** Opening Supplied records block **

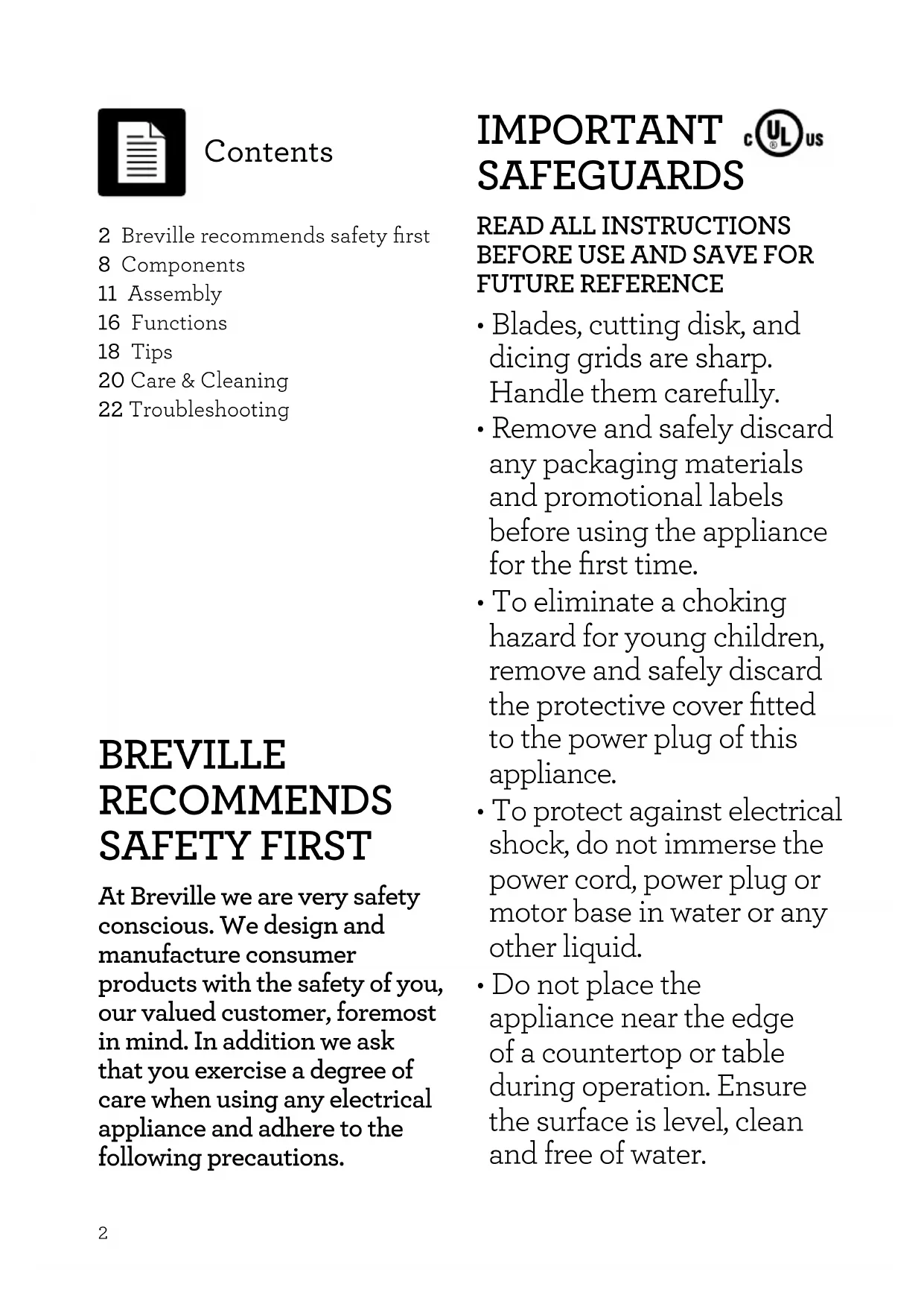 BFP8382 2 Breville recommends safety first 8 Components 11 Assembly 16 Functions 18 Tips 20 Care & Cleaning 22 Troubleshooting Contents BREVILLE RECOMMENDS SAFETY FIRST At Breville we are very safety conscious. We design and manufacture consumer products with the safety of you, our valued customer, foremost in mind. In addition we ask that you exercise a degree of care when using any electrical appliance and adhere to the following precautions. IMPORTANT SAFEGUARDS
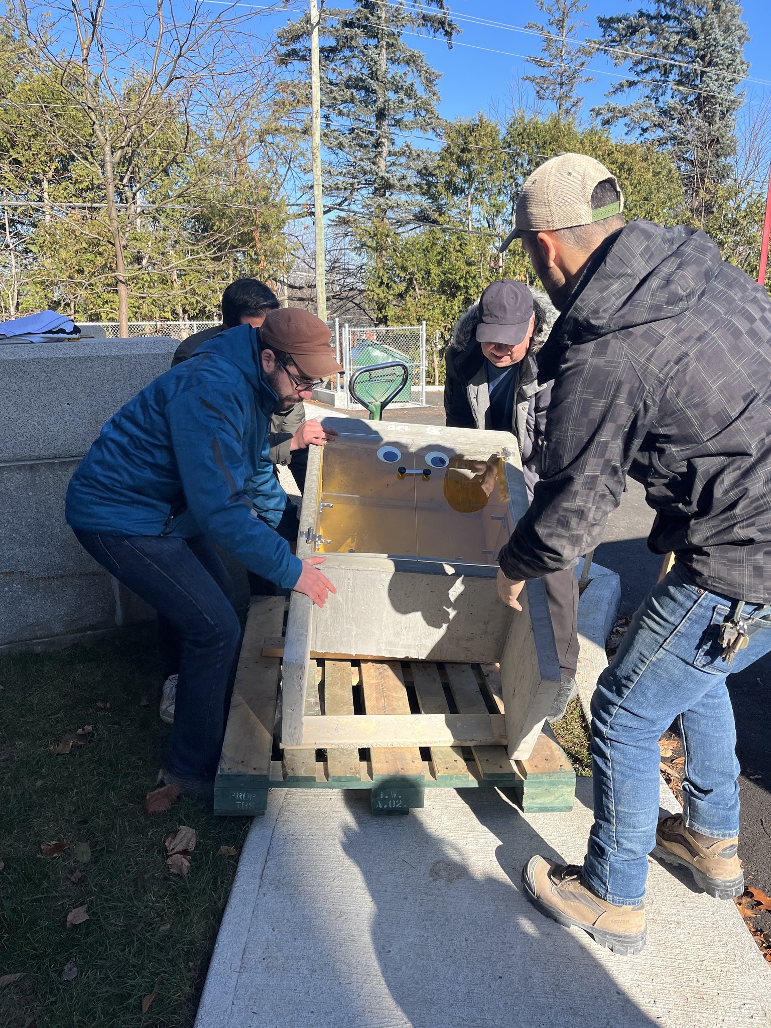 ACI-Sherbrooke a commencé le projet en dessinant des croquis de croque-livre avec les dimensions adaptées à son utilisation future. En juin 2019, les membres de ce groupe technique ont fabriqué un coffrage aux formes simples et adaptées au coulage avec du béton. Puis, ils ont procédé au coulage juste avant le début de la pandémie de COVID, soit en mars 2020. « Ousmane a développé la formulation du béton écologique à haute performance, son sujet d’études doctorales. De notre côté, nous avons préparé les armatures et effectué des tests de coulage. Lors de notre deuxième tentative, nous avons obtenu le résultat escompté », résume fièrement Aghiles Begriche, étudiant au doctorat en génie civil à l’UdeS.
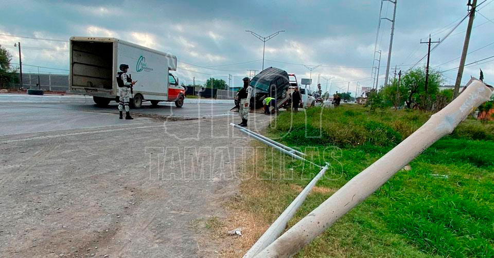 Matamoros, Tamaulipas. - Un fuerte accidente vial ocurrió en la carretera Matamoros-Reynosa y dejó como saldo dos personas lesionadas que fueron hospitalizadas de emergencia en el Hospital General “Dr. Alfredo Pumarejo”.
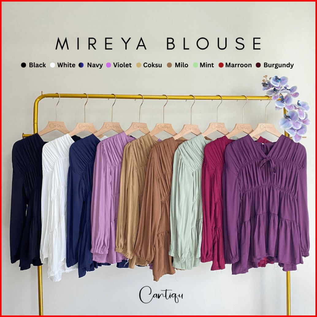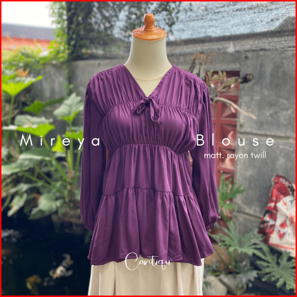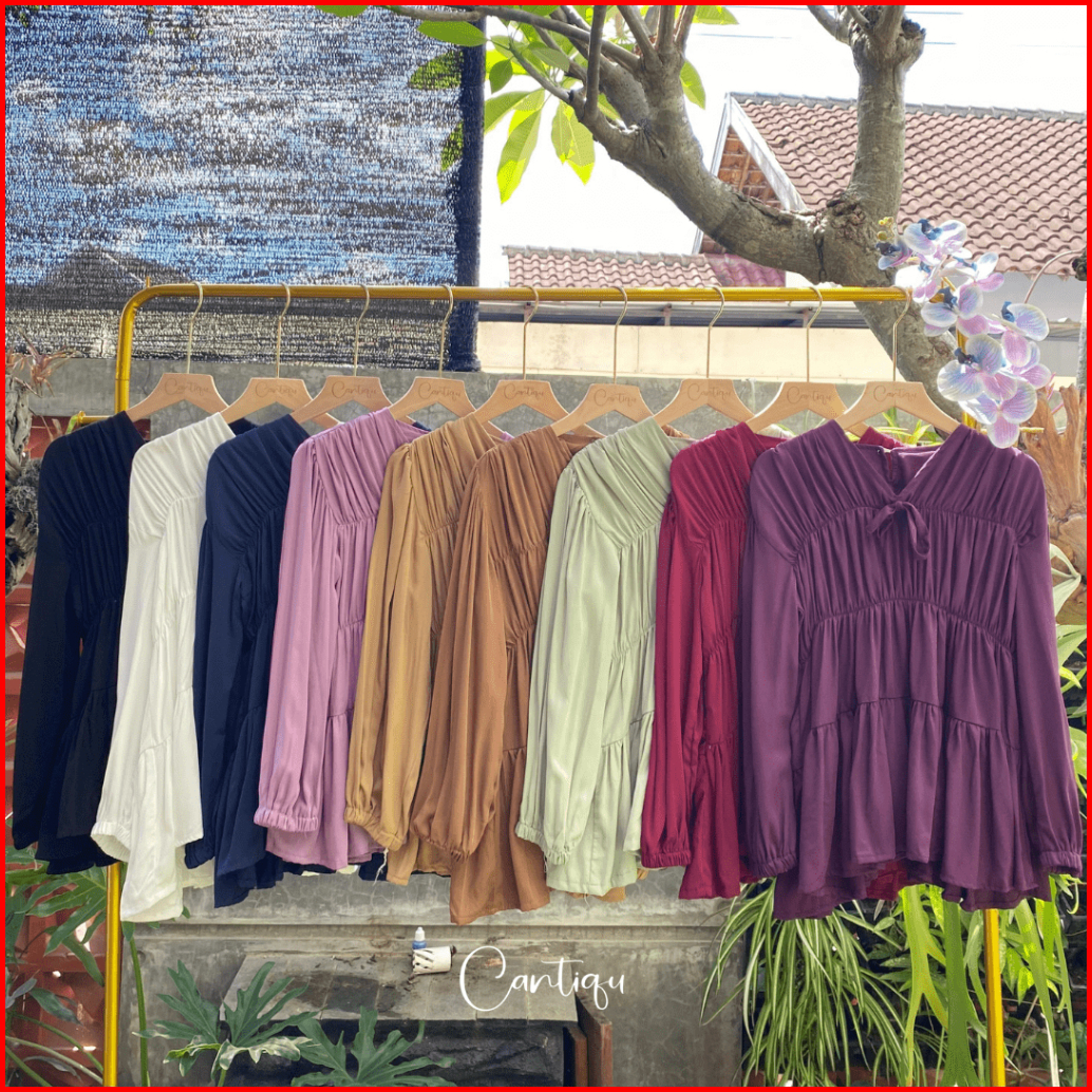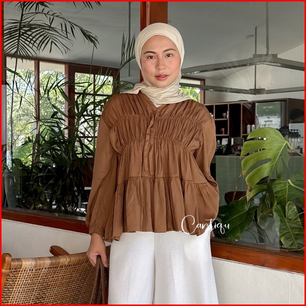 Cantiqu - Mireya Blouse Kerut Rayon Atasan Wanita Polos Warna Lengan Panjang
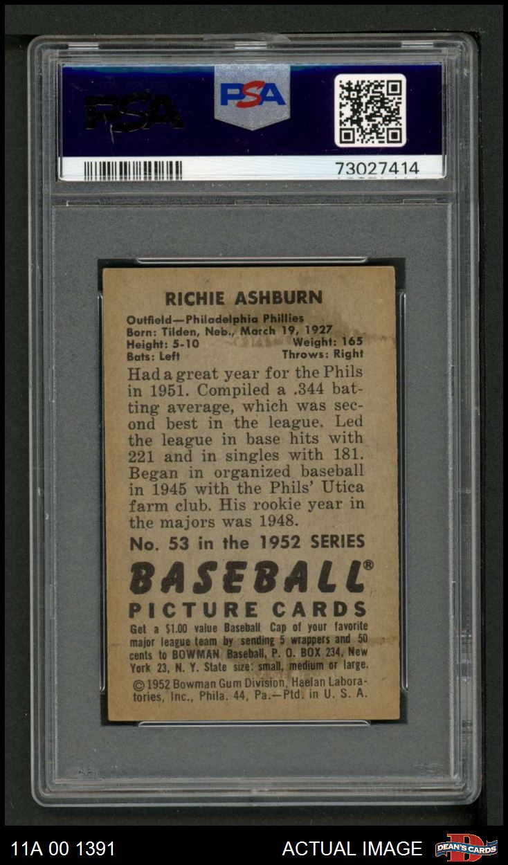 1952 Bowman #53 Richie Ashburn PSA 5 - EX
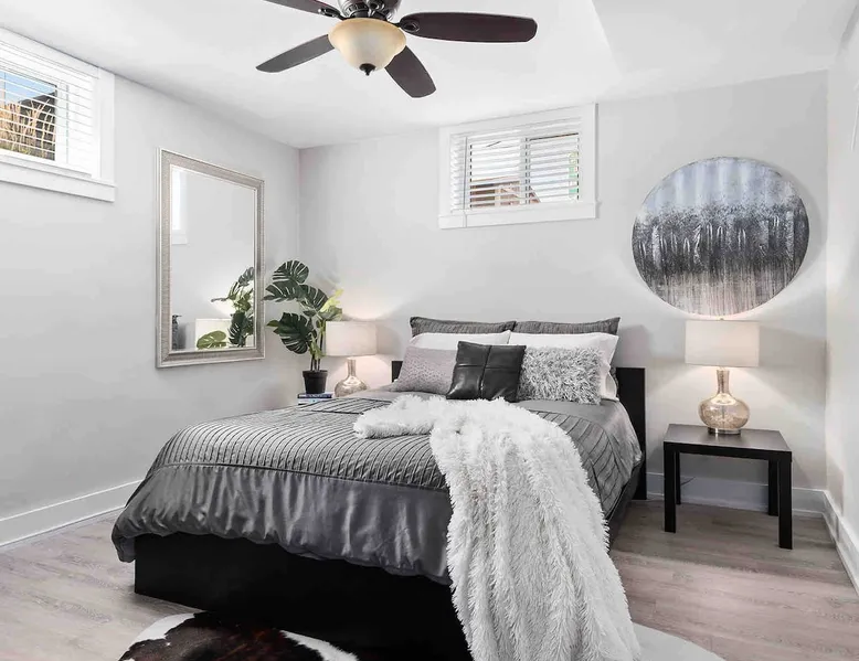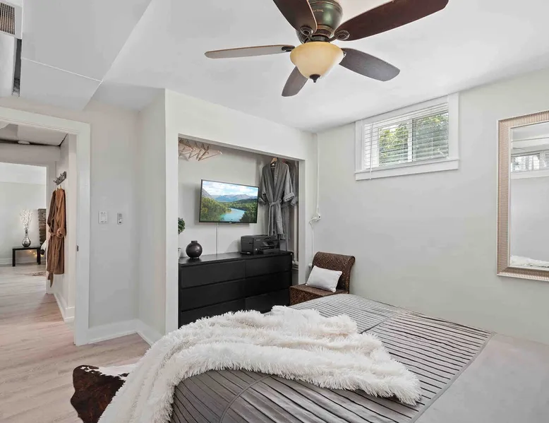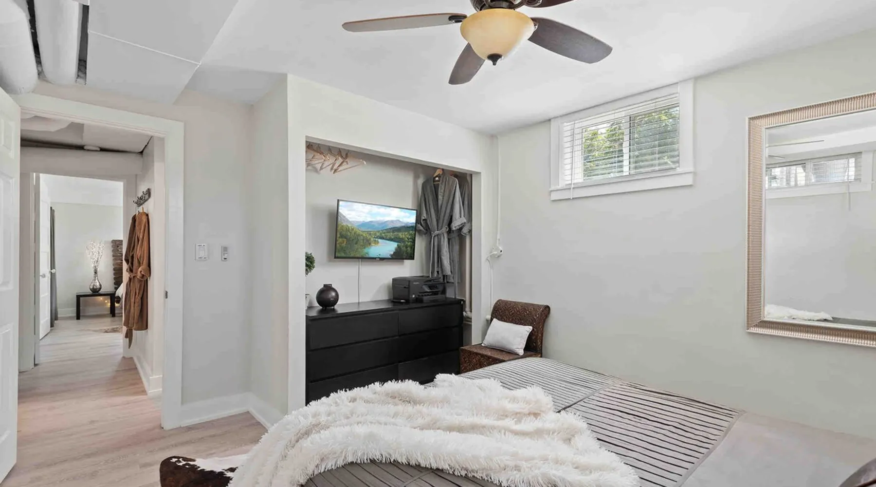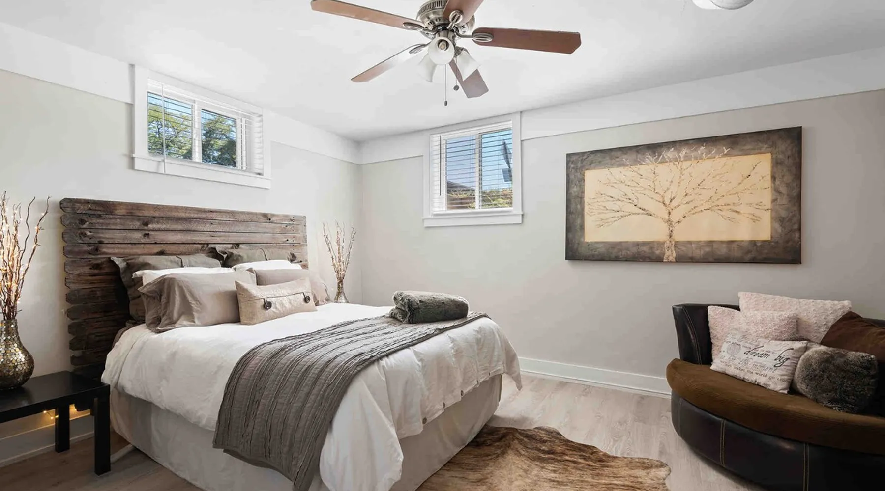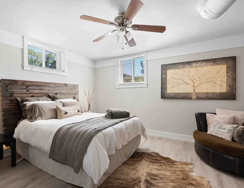 Experience the perfect blend of mountain charm and modern comfort in this beautifully renovated Denver suite. Located in a peaceful yet central neighborhood, it offers exceptional walkability—just steps from local shops, cafes, restaurants, and pubs. With no neighbors on three sides, enjoy rare privacy in the city. Unique design details, spacious indoor-outdoor areas, and a vibrant, walkable setting make this a true urban retreat. The space This cozy two-bedroom, one-bathroom abode comfortably accommodates six guests, making it a perfect retreat for couples, small families, or a group of friends to explore Downtown Denver and beyond. Whether you’re in town for a concert or event, visiting loved ones, or venturing into the breathtaking surrounding nature, you’ll love returning home to your cozy private residence at the end of each day. Guests enjoy a private, fully dedicated level of the home with their own locked-off space—separate from the host’s living area—to ensure comfort and privacy during your stay. LIVING SPACE Step into the family room and be instantly transported to a refined mountain lodge, where rustic charm meets modern comfort. Thoughtfully curated details—like the reclaimed cedar accent wall and bespoke lighting—create a warm, tranquil ambiance that invites you to unwind. Sink into the oversized sectional, cue up the 60" wall-mounted TV, and enjoy movie nights, game days, or streaming marathons by the glow of the cozy gas fireplace. Don’t forget the popcorn! KITCHEN & DINING The compact, well-equipped kitchenette has everything you need to fuel your Denver adventures. The full-size fridge gives you space to store your goodies, and cooking appliances ensure you’re able to prepare all your favorite meals. The darling coffee bar will put a bounce in your step each morning, and the unique restored laundry tub sink makes washing dishes feel like much less of a chore. Please note there is no oven. Feel like cooking outside? The Green Mountain Grill functions as a smoker, grill, and oven! You will love the convenient cooking and easy clean up so you can get on with your Colorado adventures. When it’s time to gather for a meal, you’ll find seating for four (with 2 additional chairs) around the stylish high-top table. BED & BATH Two tranquil, large sized bedrooms each have a plush queen-size bed where up to four adults can sleep soundly. Each room also benefits from central heat and A/C, as well as a ceiling fan to keep you comfortable in every season, you control the temperature. Other features include plenty of storage, and windows that let natural light pour in. Dual lamps are ideal for bedtime reading, and the wall-mounted TVs in each bedroom are ready for movie marathons and streaming sessions. Guests have one modern, full bathroom with a bathtub and shower. The bathroom is fully equipped with shampoo, soap, and towels, plus a couple of cozy robes to help you feel right at home. An additional queen-size air mattress can be set up perfectly within the U shape of the sectional couch to accommodate two more guests, so nobody has to miss out on the fun. The washer and dryer are handy for guests who prefer to pack super light or for cleaning up after a day spent out in nature. Laundry detergent and dryer sheets are all provided. OUTDOOR SPACE The large, private fenced-in backyard is ideal for entertaining or simply for enjoying a morning coffee or afternoon beer in peace. You’ll find plenty of yard games to keep kids (and kids at heart) entertained. The covered patio is a snug place to spend evenings with loved ones reflecting on another magical day in Denver, and there’s also a smoker and grill set up and ready for the cooks in your group to create al fresco feasts. Private parking is available for guests on the back driveway and there is also plenty of free street parking for additional vehicles. STR #: 2021-BFN-0005585 Guest access The private entrance is accessed via a secure keyless entry system, so you never have to worry about misplacing your keys. Easy and seamless check-in process! When you are a guest in my home, you park in my driveway, no need to worry about finding street parking or getting parking tickets...you're steps away from your door! Other things to note •For safety and security, the property is equipped with a Blink doorbell, smoke and carbon monoxide detectors, and a fire extinguisher. •Please note this is a lower level guest suite- the host lives on the main floor and is available if there is anything you need during your stay! •There is a staircase down into the apartment so unfortunately, this property is not suitable for wheelchairs. Traffic from I-25 can be heard outside but this brick house inside is very quiet and cozy. •We will send you a link to your electronic guidebook upon booking where you will find all necessary and relevant information relating to your stay. We also include our suggestions for the best things to do in town, our favorite restaurants, activities, hikes, nightlife, and much more. •Please note that smoking of any kind is forbidden inside and will result in a minimum fine of $250 to cover the cost of mitigation. •Reservations may be subject to extra guest fees. •Early check ins may be requested the day of check in through your electronic guidebook. We do our best to accommodate these requests, however it depends on our calendar and the cleaners schedule. If approved, there is a $50 charge for early check in. •We do not allow late checkouts under any circumstances. The cleaners are very busy and plan their days ahead of time, we expect guests to be checked out by the designated time or a $125 charge will be incurred. •To make your stay more comfortable, we provide a complimentary starter supply of essentials, including toilet paper, paper towels, shampoo, conditioner, and body wash. For extended stays, we kindly ask that guests replenish any additional items they may need throughout their
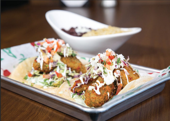Avocado fries, cabbage mix, cilantro cream, pico de gallo
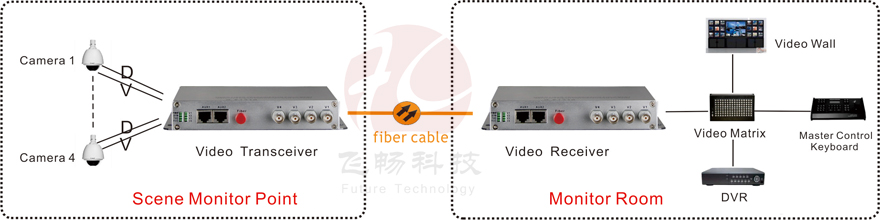 This digital video optical transceiver adopts digital video encoding and gigabit optical fiber transmission technology. The multi-channel single-direction bi-direction audio, video, data, telephone, Ethernet and switch real-time synchronization, no-distortion and high quality transmission is on the single-core or dual-core optical fiber. Complete digital video non-compression transmission technology, with video and data condition indicator, can monitor the system normal operation. It uses modular design, the user can flexibly select or customize configuration based on the scene occasion. Rack installation or desktop installation can be optional. This product is made up of optical transmitter and receiver. It can transmit 4Channel forward direction Video and 1Channel reverse direction RS485 data.

** Closing Supplied records block **

*Problem details*
Reproduce exactly the lines of the entries above from the first through the line with "1952 Bowman #53 Richie Ashburn PSA 5 - EX", both included; pictures should not be reproduced.

*Answer for the task*
 BFP8382 2 Breville recommends safety first 8 Components 11 Assembly 16 Functions 18 Tips 20 Care & Cleaning 22 Troubleshooting Contents BREVILLE RECOMMENDS SAFETY FIRST At Breville we are very safety conscious. We design and manufacture consumer products with the safety of you, our valued customer, foremost in mind. In addition we ask that you exercise a degree of care when using any electrical appliance and adhere to the following precautions. IMPORTANT SAFEGUARDS
 ACI-Sherbrooke a commencé le projet en dessinant des croquis de croque-livre avec les dimensions adaptées à son utilisation future. En juin 2019, les membres de ce groupe technique ont fabriqué un coffrage aux formes simples et adaptées au coulage avec du béton. Puis, ils ont procédé au coulage juste avant le début de la pandémie de COVID, soit en mars 2020. « Ousmane a développé la formulation du béton écologique à haute performance, son sujet d’études doctorales. De notre côté, nous avons préparé les armatures et effectué des tests de coulage. Lors de notre deuxième tentative, nous avons obtenu le résultat escompté », résume fièrement Aghiles Begriche, étudiant au doctorat en génie civil à l’UdeS.
 Matamoros, Tamaulipas. - Un fuerte accidente vial ocurrió en la carretera Matamoros-Reynosa y dejó como saldo dos personas lesionadas que fueron hospitalizadas de emergencia en el Hospital General “Dr. Alfredo Pumarejo”.
 Cantiqu - Mireya Blouse Kerut Rayon Atasan Wanita Polos Warna Lengan Panjang
 1952 Bowman #53 Richie Ashburn PSA 5 - EX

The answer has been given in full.